Aim of the exercise => Wherever pictures appear in the listing below, leave them out, and copy exactly, and only, everything from the line with "心身ともに癒やされたので自分へのご褒美にまた伺いたいなと思います。" down to the line with "1966 war Hüppe".

The records =>
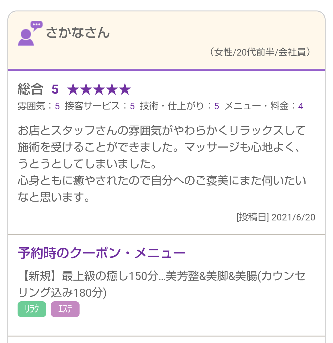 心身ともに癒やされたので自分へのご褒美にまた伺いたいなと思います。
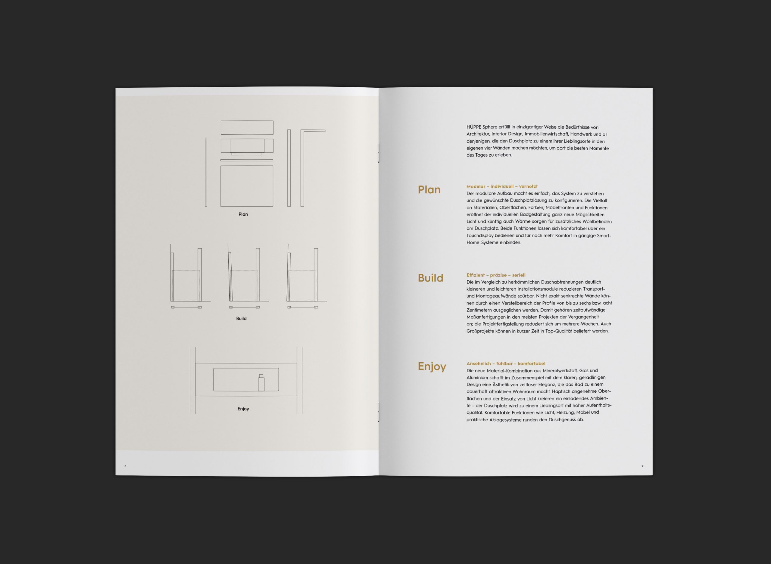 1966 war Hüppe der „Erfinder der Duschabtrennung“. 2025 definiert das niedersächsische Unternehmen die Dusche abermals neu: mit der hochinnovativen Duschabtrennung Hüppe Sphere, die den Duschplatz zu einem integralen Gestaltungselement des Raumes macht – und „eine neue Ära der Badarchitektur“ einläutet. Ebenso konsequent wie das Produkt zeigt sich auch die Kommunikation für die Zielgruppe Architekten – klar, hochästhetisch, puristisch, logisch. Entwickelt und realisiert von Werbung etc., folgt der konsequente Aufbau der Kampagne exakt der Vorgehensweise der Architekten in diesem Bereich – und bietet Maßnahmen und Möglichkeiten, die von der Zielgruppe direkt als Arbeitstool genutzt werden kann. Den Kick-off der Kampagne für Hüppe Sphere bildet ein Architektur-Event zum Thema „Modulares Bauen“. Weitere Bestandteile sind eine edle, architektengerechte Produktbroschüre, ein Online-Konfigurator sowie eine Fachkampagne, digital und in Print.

* * *

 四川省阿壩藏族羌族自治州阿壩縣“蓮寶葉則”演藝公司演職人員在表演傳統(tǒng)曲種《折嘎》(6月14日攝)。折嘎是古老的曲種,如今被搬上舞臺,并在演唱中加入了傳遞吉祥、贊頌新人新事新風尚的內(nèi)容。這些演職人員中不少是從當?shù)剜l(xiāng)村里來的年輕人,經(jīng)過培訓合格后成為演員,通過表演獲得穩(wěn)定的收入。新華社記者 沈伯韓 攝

==

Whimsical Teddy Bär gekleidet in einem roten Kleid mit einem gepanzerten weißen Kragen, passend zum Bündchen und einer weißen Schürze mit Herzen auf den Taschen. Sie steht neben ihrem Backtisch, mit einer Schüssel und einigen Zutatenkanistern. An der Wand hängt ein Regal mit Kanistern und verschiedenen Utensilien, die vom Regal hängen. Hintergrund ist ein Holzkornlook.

Finished task =>
 心身ともに癒やされたので自分へのご褒美にまた伺いたいなと思います。
 1966 war Hüppe der „Erfinder der Duschabtrennung“. 2025 definiert das niedersächsische Unternehmen die Dusche abermals neu: mit der hochinnovativen Duschabtrennung Hüppe Sphere, die den Duschplatz zu einem integralen Gestaltungselement des Raumes macht – und „eine neue Ära der Badarchitektur“ einläutet. Ebenso konsequent wie das Produkt zeigt sich auch die Kommunikation für die Zielgruppe Architekten – klar, hochästhetisch, puristisch, logisch. Entwickelt und realisiert von Werbung etc., folgt der konsequente Aufbau der Kampagne exakt der Vorgehensweise der Architekten in diesem Bereich – und bietet Maßnahmen und Möglichkeiten, die von der Zielgruppe direkt als Arbeitstool genutzt werden kann. Den Kick-off der Kampagne für Hüppe Sphere bildet ein Architektur-Event zum Thema „Modulares Bauen“. Weitere Bestandteile sind eine edle, architektengerechte Produktbroschüre, ein Online-Konfigurator sowie eine Fachkampagne, digital und in Print.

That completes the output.